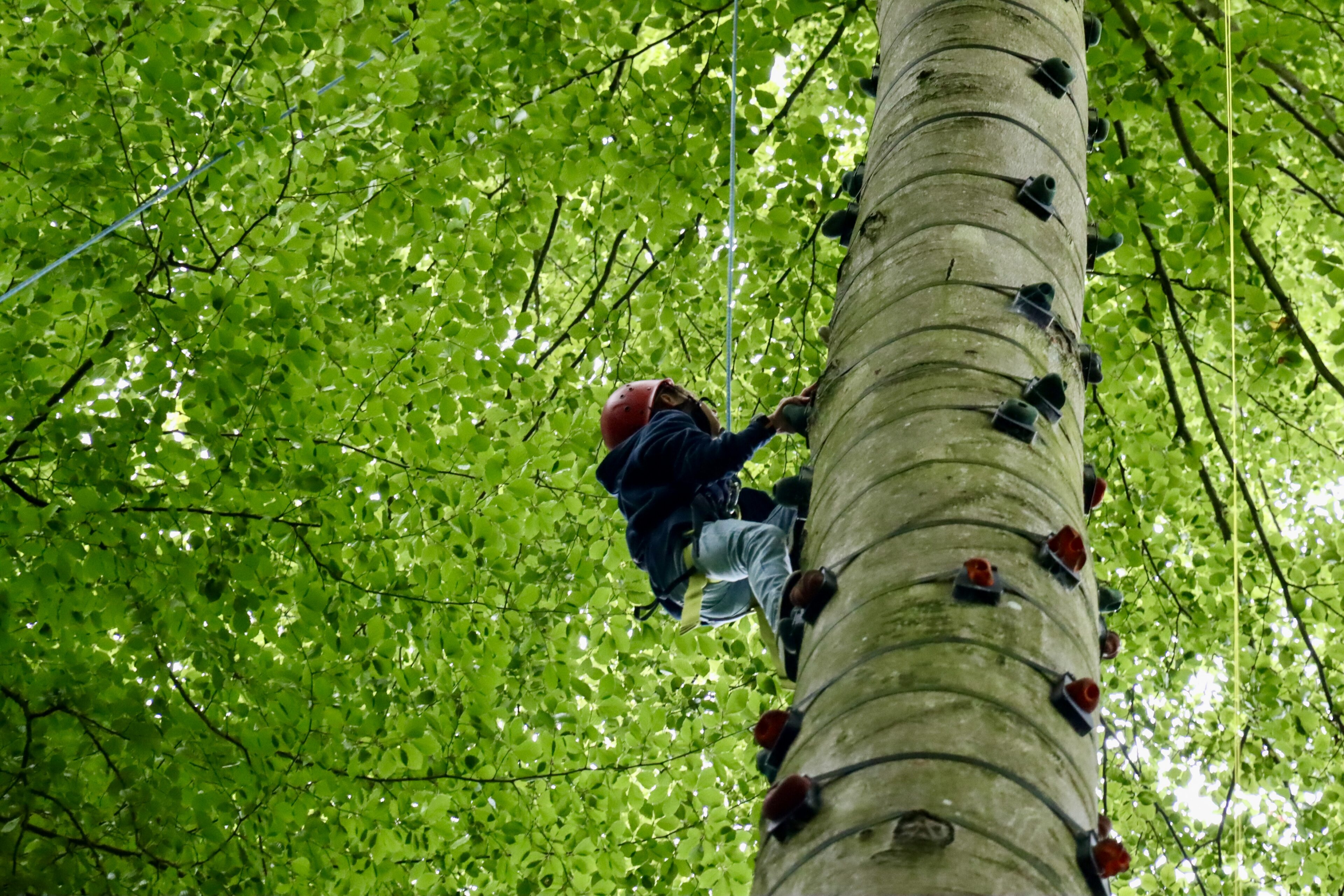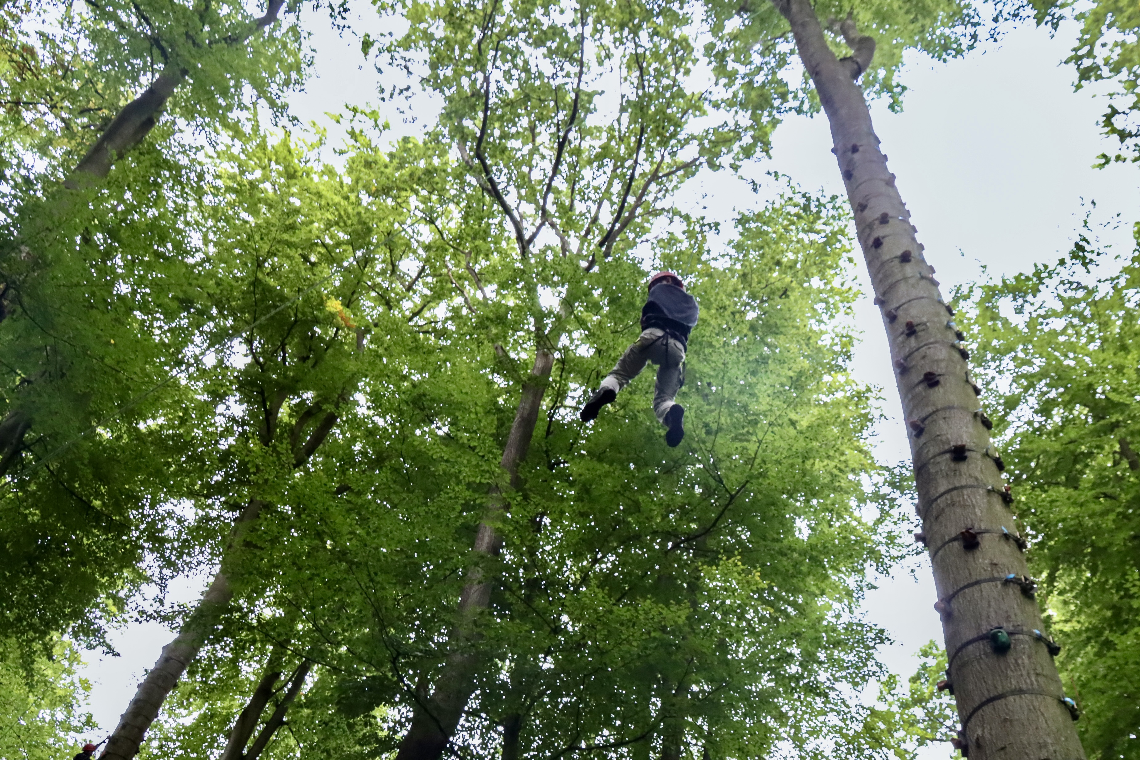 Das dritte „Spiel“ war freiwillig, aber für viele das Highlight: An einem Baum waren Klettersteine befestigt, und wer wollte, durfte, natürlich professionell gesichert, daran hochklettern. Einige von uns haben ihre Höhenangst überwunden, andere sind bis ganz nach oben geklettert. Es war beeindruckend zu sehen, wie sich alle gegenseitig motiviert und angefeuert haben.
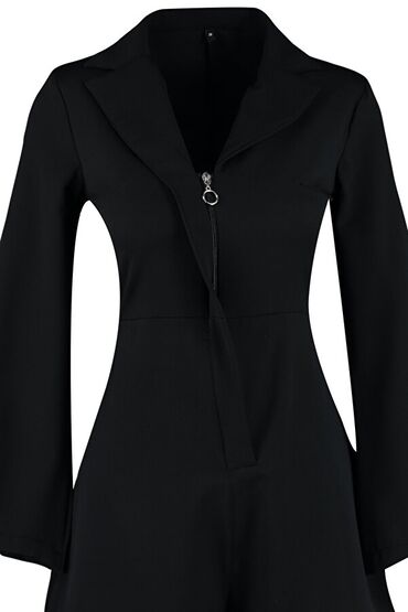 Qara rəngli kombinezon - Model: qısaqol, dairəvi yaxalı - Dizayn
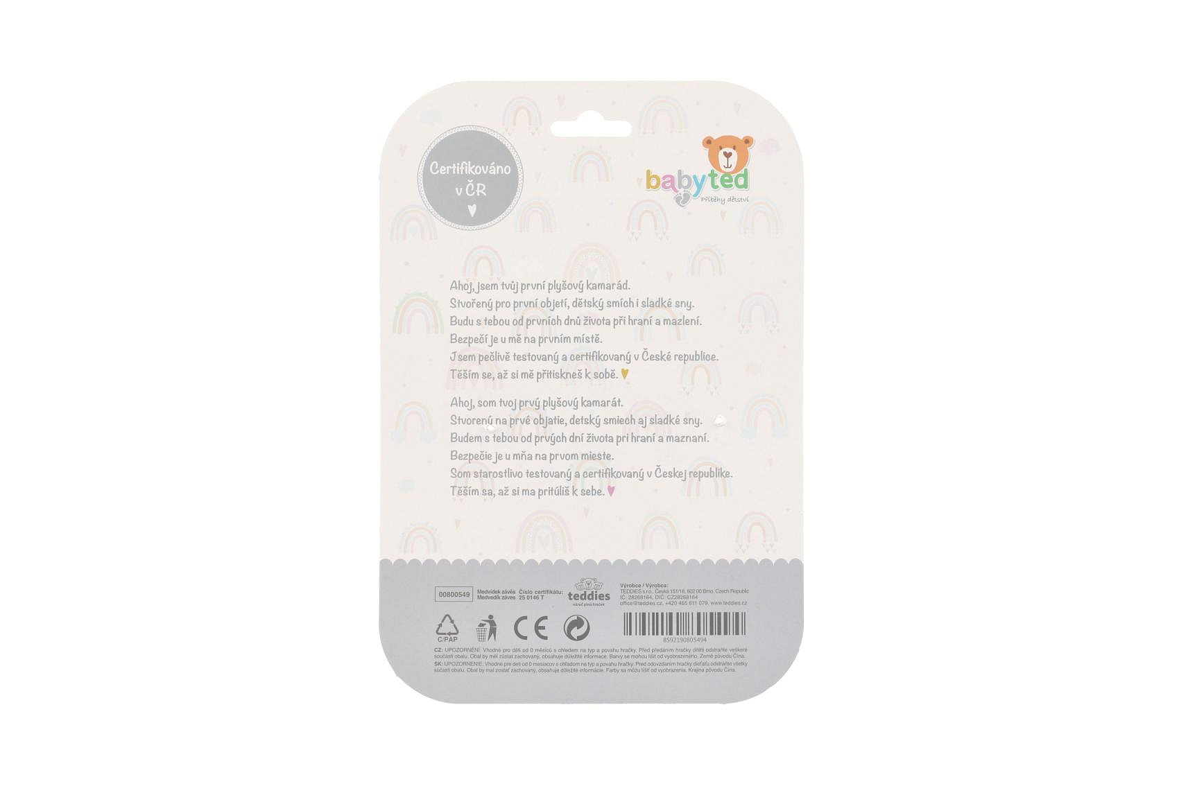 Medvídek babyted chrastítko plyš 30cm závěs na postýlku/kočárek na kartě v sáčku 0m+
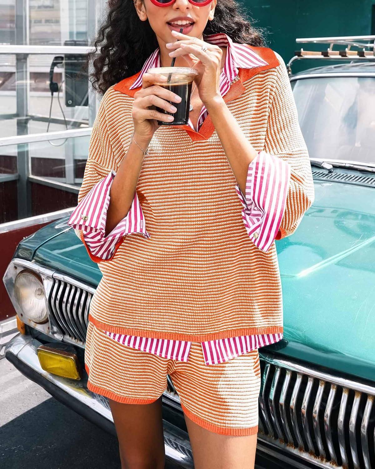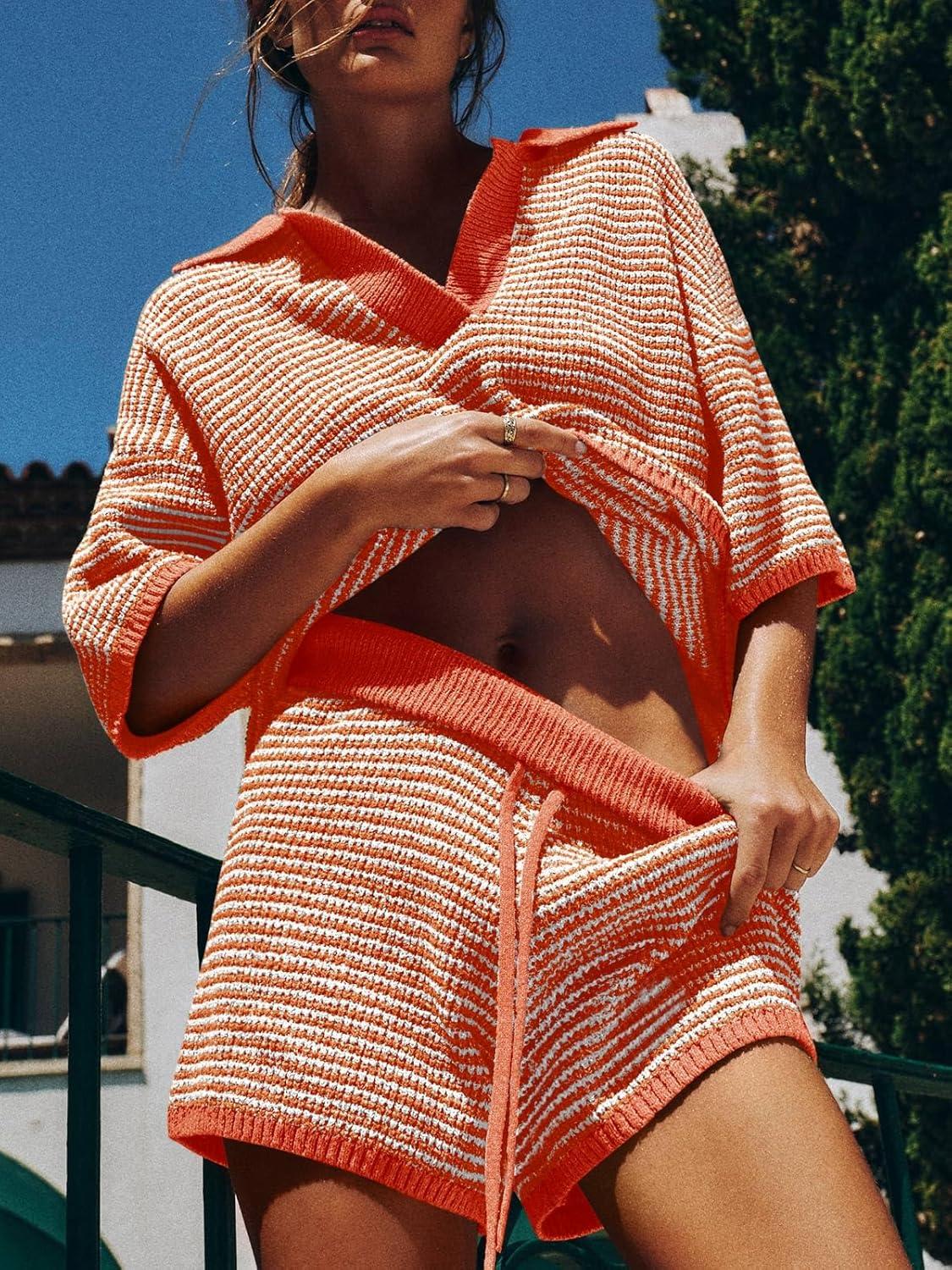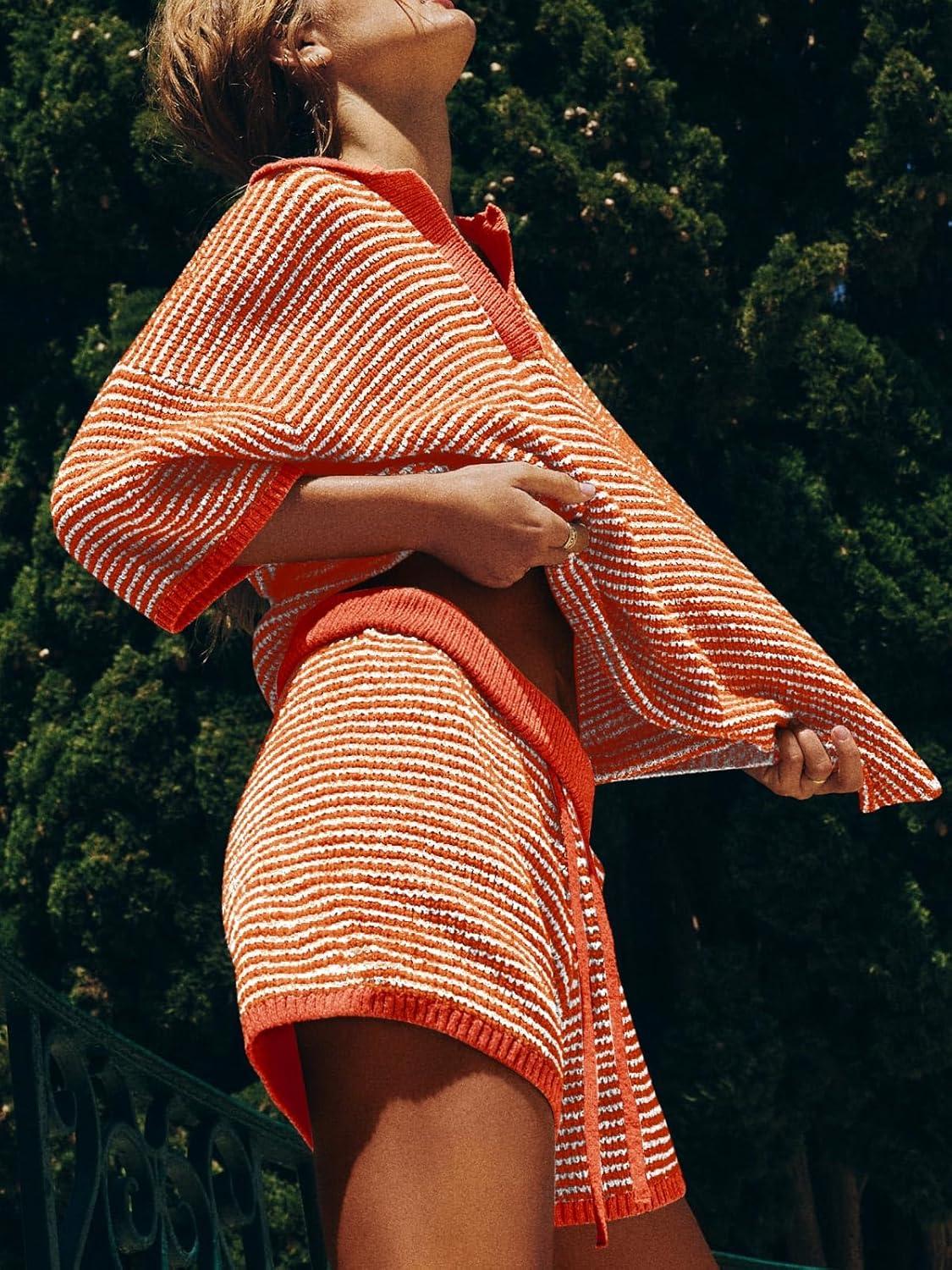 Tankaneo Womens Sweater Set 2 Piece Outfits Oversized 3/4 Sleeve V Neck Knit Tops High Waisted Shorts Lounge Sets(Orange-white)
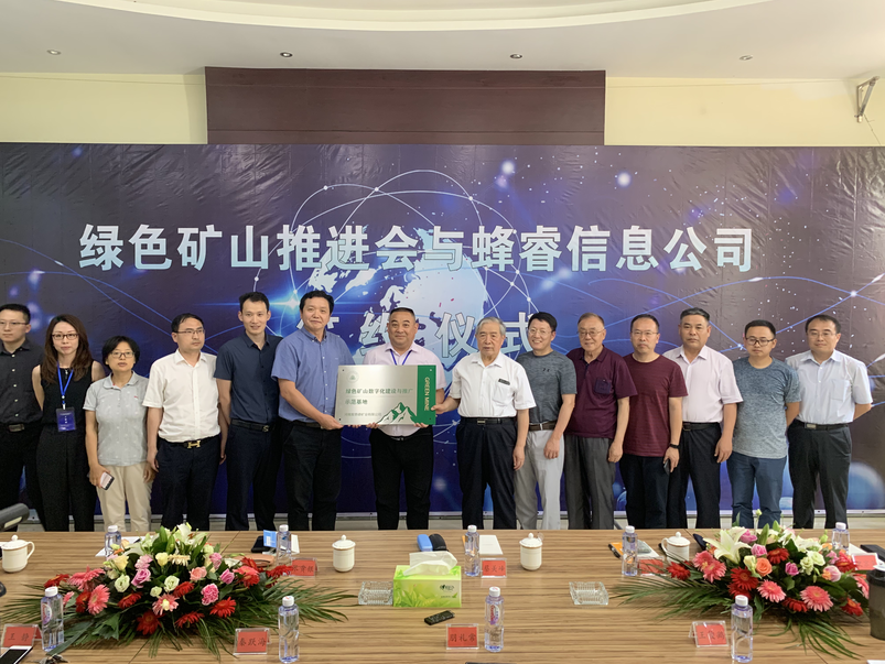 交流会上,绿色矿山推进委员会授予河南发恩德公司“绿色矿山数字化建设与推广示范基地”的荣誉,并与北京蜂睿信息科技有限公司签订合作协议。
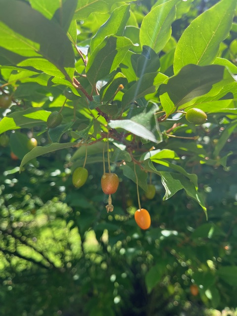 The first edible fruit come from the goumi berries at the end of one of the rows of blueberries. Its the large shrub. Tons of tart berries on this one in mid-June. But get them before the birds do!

About this exercise — Repeat the records above verbatim, dropping the pictures.

Task output —
 Das dritte „Spiel“ war freiwillig, aber für viele das Highlight: An einem Baum waren Klettersteine befestigt, und wer wollte, durfte, natürlich professionell gesichert, daran hochklettern. Einige von uns haben ihre Höhenangst überwunden, andere sind bis ganz nach oben geklettert. Es war beeindruckend zu sehen, wie sich alle gegenseitig motiviert und angefeuert haben.
 Qara rəngli kombinezon - Model: qısaqol, dairəvi yaxalı - Dizayn
 Medvídek babyted chrastítko plyš 30cm závěs na postýlku/kočárek na kartě v sáčku 0m+
 Tankaneo Womens Sweater Set 2 Piece Outfits Oversized 3/4 Sleeve V Neck Knit Tops High Waisted Shorts Lounge Sets(Orange-white)
 交流会上,绿色矿山推进委员会授予河南发恩德公司“绿色矿山数字化建设与推广示范基地”的荣誉,并与北京蜂睿信息科技有限公司签订合作协议。
 The first edible fruit come from the goumi berries at the end of one of the rows of blueberries. Its the large shrub. Tons of tart berries on this one in mid-June. But get them before the birds do!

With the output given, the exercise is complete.